** INPUT DATA follows **

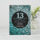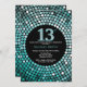 Convite de Aniversário de 13. Negra e Teal Glitter. Teal Diamond.Festa de aniversário para crianças. Para a festa de bash do Boy ou Girl Bday.
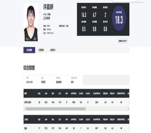 WCBA25-26賽季常規賽,她場均16.3分6.7籃板2助攻;季後賽三場過後,她場均14.3分3.7籃板,投籃、三分等命中率均可穩定在60%以上。要知道,同位置國手陳明伶、唐子婷本賽季的數據均沒有許晨妍出色。
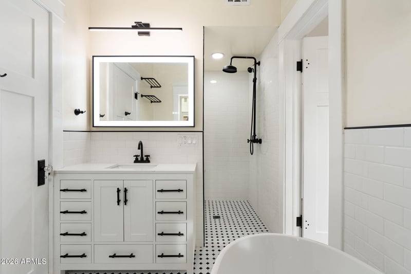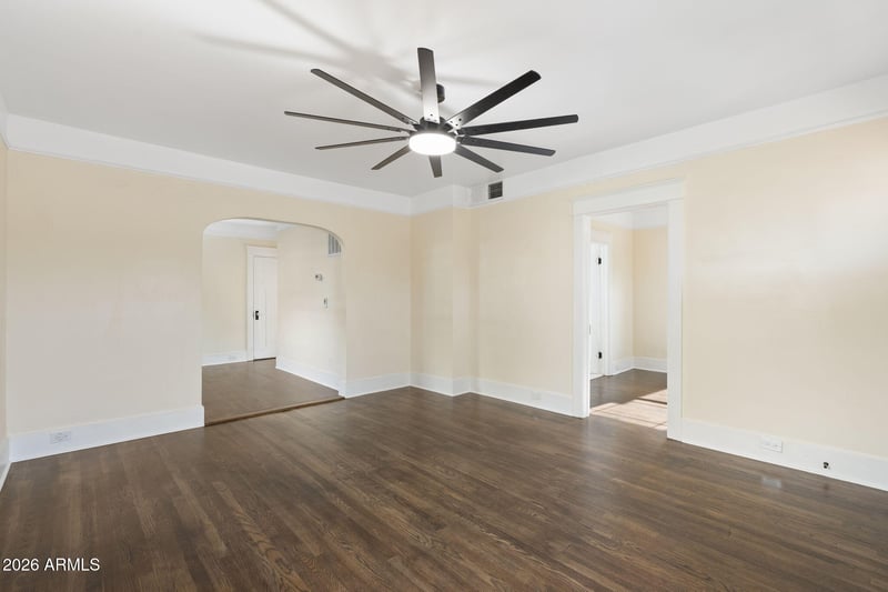 Listing details for 332 Windsor Ave, Phoenix, AZ 85004 : Built in 1920 and beautifully reimagined, 332 E Windsor blends historic Phoenix charm with extensive modern updates. The main home offers 959 sq ft, 2 bedrooms, 1.5 baths, separate living and dining spaces, and an updated kitchen featuring a movable island with breakfast bar. Improvements include new cabinetry, countertops, electrical, plumbing, windows, exterior paint, and synthetic stucco, while original hardwood floors, windowsills, crown molding, and an original built-in ironing board preserve the home's character. Thoughtful design details include 7-inch baseboards, in-floor outlets with charger plugs, glass doorknobs, illuminated kitchen cabinetry, and upgraded sinks with glass washers. FOR INFO ON THE CARRIAGE HOUSE, SEE MORE... The detached 480 sq ft carriage house offers LVP flooring, living area, full modern kitchen, bedroom, bath, laundry hookup, backyard access, and mini-split systems. Two RV gates, pavers, and a new front porch complete this standout property near downtown Phoenix, dining, shopping, sports, and entertainment.
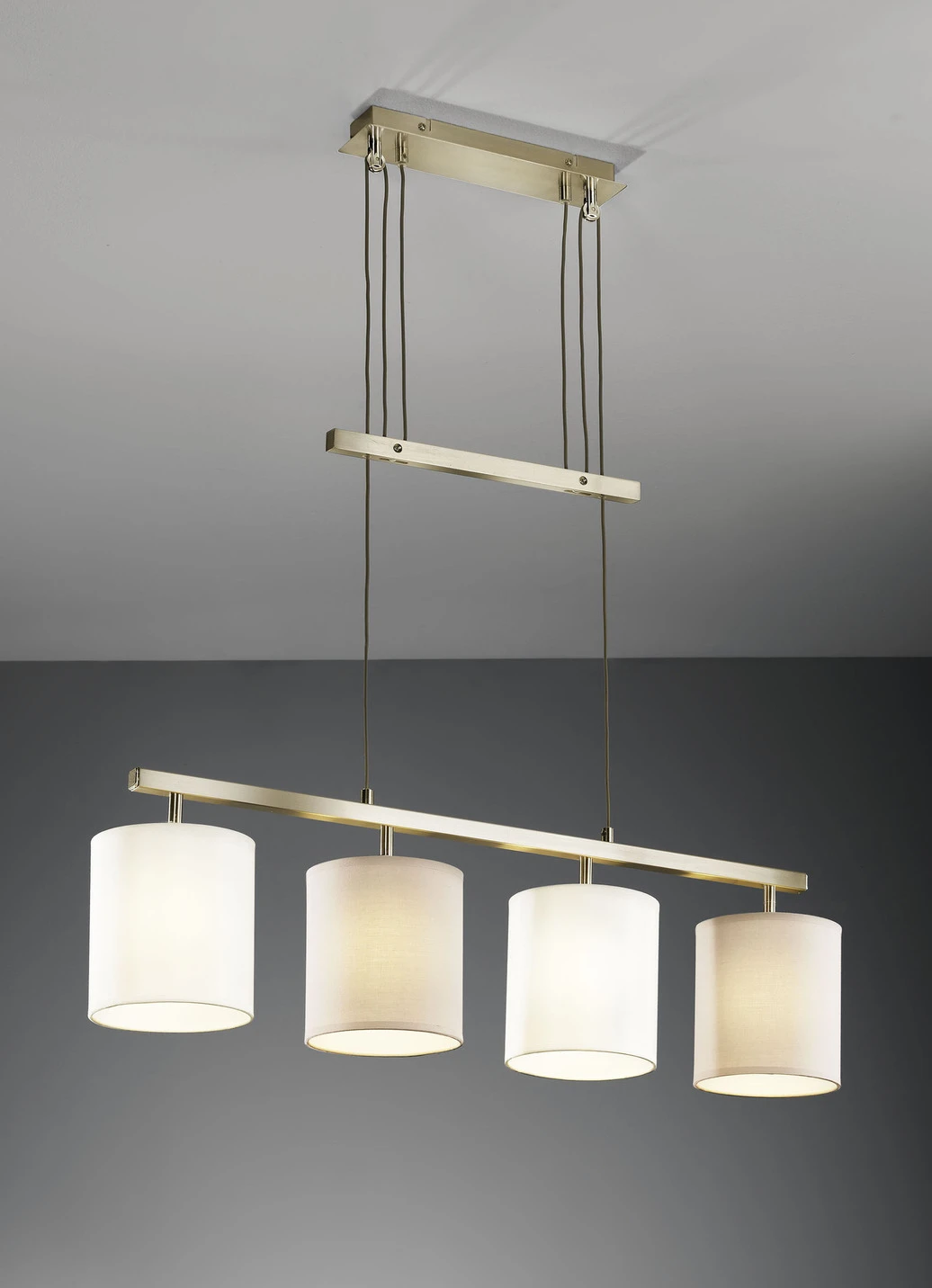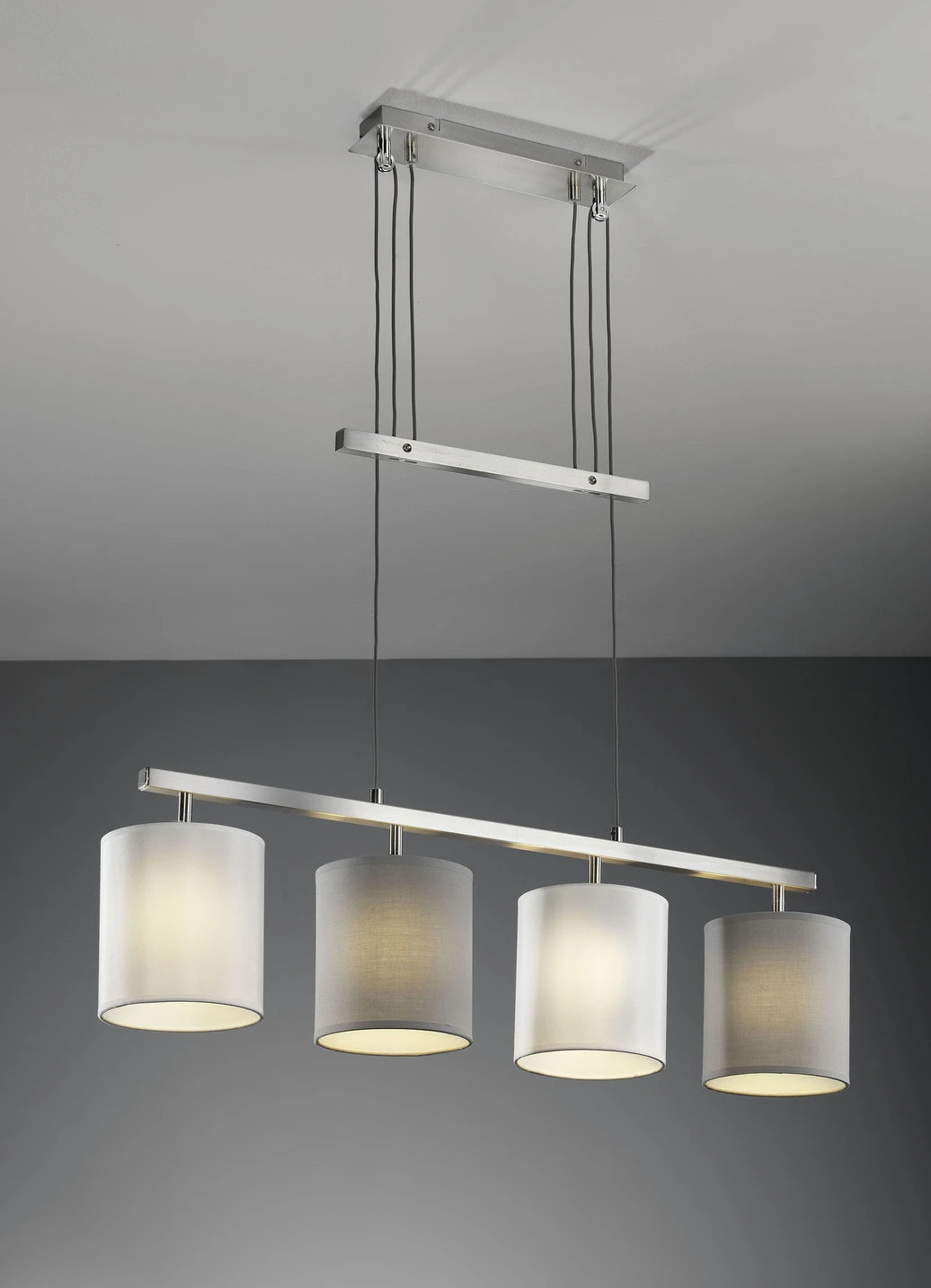 Beleuchten Sie Ihren Wohnraum ab jetzt besonders stilvoll und edel – mit diesen schönen Leuchten aus Stahl mit Stoff-Lampenschirmen (60% Polyester, 40% Baumwolle)! In Edelstahl mit Schirmen in Grau und Weiß, in Messing in Braun und Beige. Jeweils 4x E27, maximal 40 Watt pro Fassung, 230 Volt. Die Lieferung erfolgt ohne Leuchtmittel. Einfache Endmontage

** End of INPUT DATA **

### EXERCISE AIM
Give back the material above word for word; no picture belongs in it.

### RESULT OF THE EXERCISE
 Convite de Aniversário de 13. Negra e Teal Glitter. Teal Diamond.Festa de aniversário para crianças. Para a festa de bash do Boy ou Girl Bday.
 WCBA25-26賽季常規賽,她場均16.3分6.7籃板2助攻;季後賽三場過後,她場均14.3分3.7籃板,投籃、三分等命中率均可穩定在60%以上。要知道,同位置國手陳明伶、唐子婷本賽季的數據均沒有許晨妍出色。
 Listing details for 332 Windsor Ave, Phoenix, AZ 85004 : Built in 1920 and beautifully reimagined, 332 E Windsor blends historic Phoenix charm with extensive modern updates. The main home offers 959 sq ft, 2 bedrooms, 1.5 baths, separate living and dining spaces, and an updated kitchen featuring a movable island with breakfast bar. Improvements include new cabinetry, countertops, electrical, plumbing, windows, exterior paint, and synthetic stucco, while original hardwood floors, windowsills, crown molding, and an original built-in ironing board preserve the home's character. Thoughtful design details include 7-inch baseboards, in-floor outlets with charger plugs, glass doorknobs, illuminated kitchen cabinetry, and upgraded sinks with glass washers. FOR INFO ON THE CARRIAGE HOUSE, SEE MORE... The detached 480 sq ft carriage house offers LVP flooring, living area, full modern kitchen, bedroom, bath, laundry hookup, backyard access, and mini-split systems. Two RV gates, pavers, and a new front porch complete this standout property near downtown Phoenix, dining, shopping, sports, and entertainment.
 Beleuchten Sie Ihren Wohnraum ab jetzt besonders stilvoll und edel – mit diesen schönen Leuchten aus Stahl mit Stoff-Lampenschirmen (60% Polyester, 40% Baumwolle)! In Edelstahl mit Schirmen in Grau und Weiß, in Messing in Braun und Beige. Jeweils 4x E27, maximal 40 Watt pro Fassung, 230 Volt. Die Lieferung erfolgt ohne Leuchtmittel. Einfache Endmontage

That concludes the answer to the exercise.